TASK DETAILS:
Lines from the line with "中央大学法学部 通信課程【法学】2019年度第1課題 合格レポート「最狭義法の「法律」、法律の憲法適合性」" to the line with "デスク チェア 3点セット" in the entries below, and only those, must be output exactly, with both ends included.

GIVEN INFORMATION:
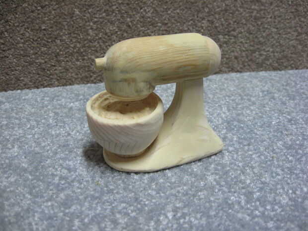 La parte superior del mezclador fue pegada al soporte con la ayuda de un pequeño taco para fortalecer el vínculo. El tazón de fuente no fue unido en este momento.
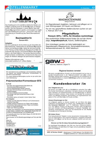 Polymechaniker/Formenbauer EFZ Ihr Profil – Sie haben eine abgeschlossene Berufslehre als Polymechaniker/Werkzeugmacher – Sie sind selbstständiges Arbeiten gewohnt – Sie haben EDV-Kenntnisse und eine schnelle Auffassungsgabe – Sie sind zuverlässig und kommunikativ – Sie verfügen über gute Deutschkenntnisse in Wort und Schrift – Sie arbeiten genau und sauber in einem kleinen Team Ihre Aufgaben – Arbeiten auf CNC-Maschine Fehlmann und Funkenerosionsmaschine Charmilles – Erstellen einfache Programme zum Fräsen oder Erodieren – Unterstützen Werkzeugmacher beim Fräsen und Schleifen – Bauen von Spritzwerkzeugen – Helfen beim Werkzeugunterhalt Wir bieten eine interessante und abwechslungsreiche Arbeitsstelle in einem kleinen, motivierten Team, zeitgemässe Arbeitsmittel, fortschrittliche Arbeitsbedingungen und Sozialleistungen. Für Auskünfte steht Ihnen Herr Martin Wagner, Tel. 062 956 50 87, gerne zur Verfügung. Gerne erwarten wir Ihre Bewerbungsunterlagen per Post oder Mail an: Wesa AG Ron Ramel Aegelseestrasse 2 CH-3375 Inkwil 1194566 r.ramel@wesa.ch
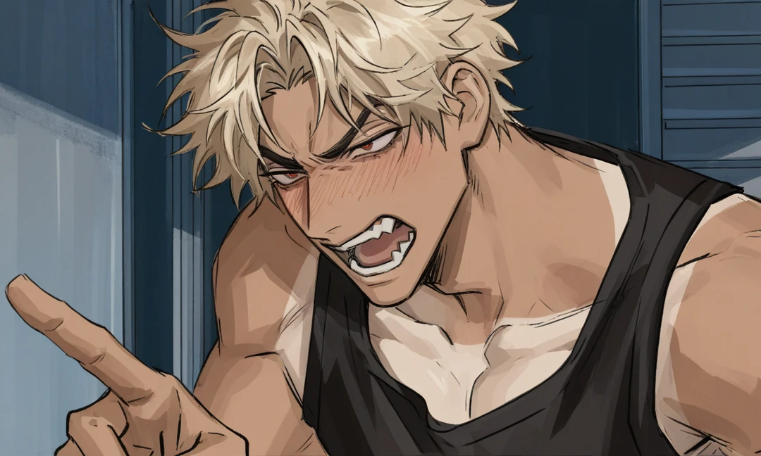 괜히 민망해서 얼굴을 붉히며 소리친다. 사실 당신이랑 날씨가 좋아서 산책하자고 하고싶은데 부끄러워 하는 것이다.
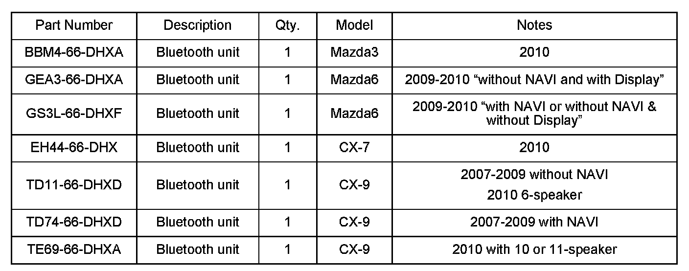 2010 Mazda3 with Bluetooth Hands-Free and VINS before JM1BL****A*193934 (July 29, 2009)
--
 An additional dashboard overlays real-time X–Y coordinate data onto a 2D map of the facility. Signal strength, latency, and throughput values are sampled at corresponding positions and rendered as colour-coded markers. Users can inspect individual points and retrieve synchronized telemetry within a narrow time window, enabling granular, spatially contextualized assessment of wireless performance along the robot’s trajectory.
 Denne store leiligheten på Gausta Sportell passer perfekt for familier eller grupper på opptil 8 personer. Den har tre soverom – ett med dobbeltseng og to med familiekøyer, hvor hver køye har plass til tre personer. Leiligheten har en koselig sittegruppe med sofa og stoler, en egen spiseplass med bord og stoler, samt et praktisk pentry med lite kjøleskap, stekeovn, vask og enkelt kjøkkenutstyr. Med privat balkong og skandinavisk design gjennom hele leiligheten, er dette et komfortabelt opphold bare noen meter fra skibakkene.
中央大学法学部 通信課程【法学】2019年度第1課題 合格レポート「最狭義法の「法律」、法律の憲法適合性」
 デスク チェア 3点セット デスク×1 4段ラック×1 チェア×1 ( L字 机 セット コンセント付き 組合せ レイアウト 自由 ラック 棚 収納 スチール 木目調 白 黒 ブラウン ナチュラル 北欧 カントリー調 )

ANSWER FOR THIS EXERCISE:
中央大学法学部 通信課程【法学】2019年度第1課題 合格レポート「最狭義法の「法律」、法律の憲法適合性」
 デスク チェア 3点セット デスク×1 4段ラック×1 チェア×1 ( L字 机 セット コンセント付き 組合せ レイアウト 自由 ラック 棚 収納 スチール 木目調 白 黒 ブラウン ナチュラル 北欧 カントリー調 )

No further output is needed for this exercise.